Please confirm policy type and which kind of script on the client - rman or backint script?
Did you do database to NBU linking on the client as per appropriate manual (SAP or Oracle)?
All comms between master, media and client seems to be fine, but the script on the client is failing.
We need to see output of the backup script on the client.
Please create dbclient folder on the client under /usr/openv/netbackup/logs to troubleshoot from NBU point of view.
Remember to 'chmod 777 dbclient'.
05-25-2014 11:45 AM
I agree iwth Marianne. It would be useful to see the dbclient log.
The status 6 is due to a time out. If you look, you can see that there is a 15 minute gap in the messages you copied in:
5/23/2014 7:17:42 PM - Info bpbrm(pid=7942) child pid: 12532
5/23/2014 7:17:42 PM - connecting
5/23/2014 7:17:43 PM - Info bpbrm(pid=7942) INF - Client read timeout = 1200
5/23/2014 7:17:43 PM - Info bpbrm(pid=7942) accepted connection from client
5/23/2014 7:17:43 PM - connected; connect time: 0:00:01
[gap]
timeout from the client.
5/23/2014 7:32:45 PM - Error bpbrm(pid=12532) client autom EXIT STATUS = 6: the backup failed to back up the requested files
5/23/2014 7:32:45 PM - Info dbclient(pid=0) done. status: 6
5/23/2014 7:32:45 PM - Info bpbrm(pid=7942) sending message to media manager: STOP BACKUP autom_1400861861
5/23/2014 7:32:46 PM - Info bpbrm(pid=7942) media manager for backup id autom_1400861861 exited with status 150: termination requested by administrator
5/23/2014 7:32:46 PM - end writing
I would actually suggest enabling the bptm, bpbrm and bpcd logs too (on the media server bptm/bpbrm, client bpcd along with dbclient).
Additionally, I would not discount the communication type issues. It's not uncommon for reverse and forward lookup to return different names/ips. Unfortunately I have heard a number of times that everything is 'ok' with communication just to find out otherwise when detailed logs are reviewed..

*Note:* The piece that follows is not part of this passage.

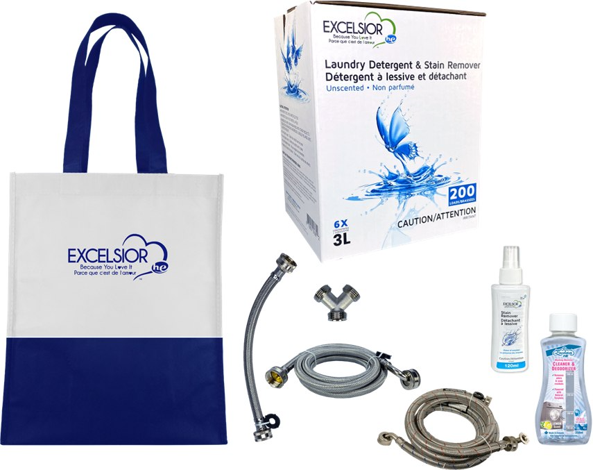 La trousse de produits essentiels pour la laveuse Excelsior HE est une solution pratique tout-en-un! Le sac contient: détergent à lessive (3L), détachant à lessive (120 ml), nettoyeur et désodorisant pour laveuse (250 ml) et tuyaux pour laveuse et sécheuse.Read More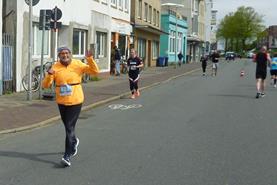 Wieder in der Schillerstraße überzeugt ein vollbesetzter Balkon durch seine Botschaft. „Wer wird Deutscher Meister?“ ruft ein peinlicher Läufer von unten. „Nur der BVB!“ schallt die frohe Botschaft wie erwünscht herunter. Geht doch. Auch wenn unser Klaus bekanntermaßen eine andere Meinung vertreten wird... Ich freue mich, Falko zu treffen, der bisher alle Ausgaben mitgemacht hat, derzeit ein ganz tiefes Tal durchschreitet und wenigstens den Halben erfolgreich nach Hause bringen wird. Vor der Kugelbake ist jede Menge los, Kitesurfer, so weit das Auge reicht. Zu Beginn der vierten Runde ist dann im Start- und Zielbereich schon weniger los und die Moderatoren können sich mehr den letzten Marathonern widmen. Für mich ein Grund, sie abzuklatschen und für die Anfeuerung zu bedanken, natürlich nicht ohne Foto. „Du bist ja geil!“, schallt's mir entgegen. Dem ist natürlich wenig hinzuzufügen, so starte ich beschwingt in die letzte Runde. Benjamin, als M30er in 3:27 Std. 19. im Ziel, läuft im BVB-Trikot. Die Abfolge von vorhin in der Schillerstraße wiederholt sich und beiderseitig grinsend trennen sich unsere Wege direkt wieder. Der stets gut gelaunte Ashley, passend zu Charles' Inthronisation mit Krönchen unterwegs, wird Benjamin noch kassieren. Macarena am Verpflegungsstand, gute Laune überall.

Let us know what you find. If you don't understand this information it might not be a bad idean to open a case.
05-26-2014 01:34 AM
Addition also create the bphdb log on the client, it contents can often help to identify the problem
As always it is useful to run the database backup script in a prompt to see if there is any messages no caught by the logs.
05-26-2014 11:38 PM
Some streams are successful and other are failing with cod 6 from the same job. This indicate the comm is fine
Does it indicate any configuration or timeout issue ?
the issue is happening on both RMAN and backinit backups ?
05-27-2014 12:28 AM
How many streams do you have coming in at a time (How many channels in Oracle terms)? Are you seeing a pattern in the failures (for e.g during heavy load on the master/media server)? Have you tried reducing the number of channels in the RMAN script?
The logs that were requested by the other forum members will be very helpful for digging further on the cause of the failure(s).
05-27-2014 01:49 AM
The default Client Connect and Client Read Timeout is 5 minutes.
This may be fine for smaller databases, but for larger backups this is not sufficient.
We normally chance both these timeouts to 1800 on the media server(s).
The logs will confirm. Especially bpbrm on the media server.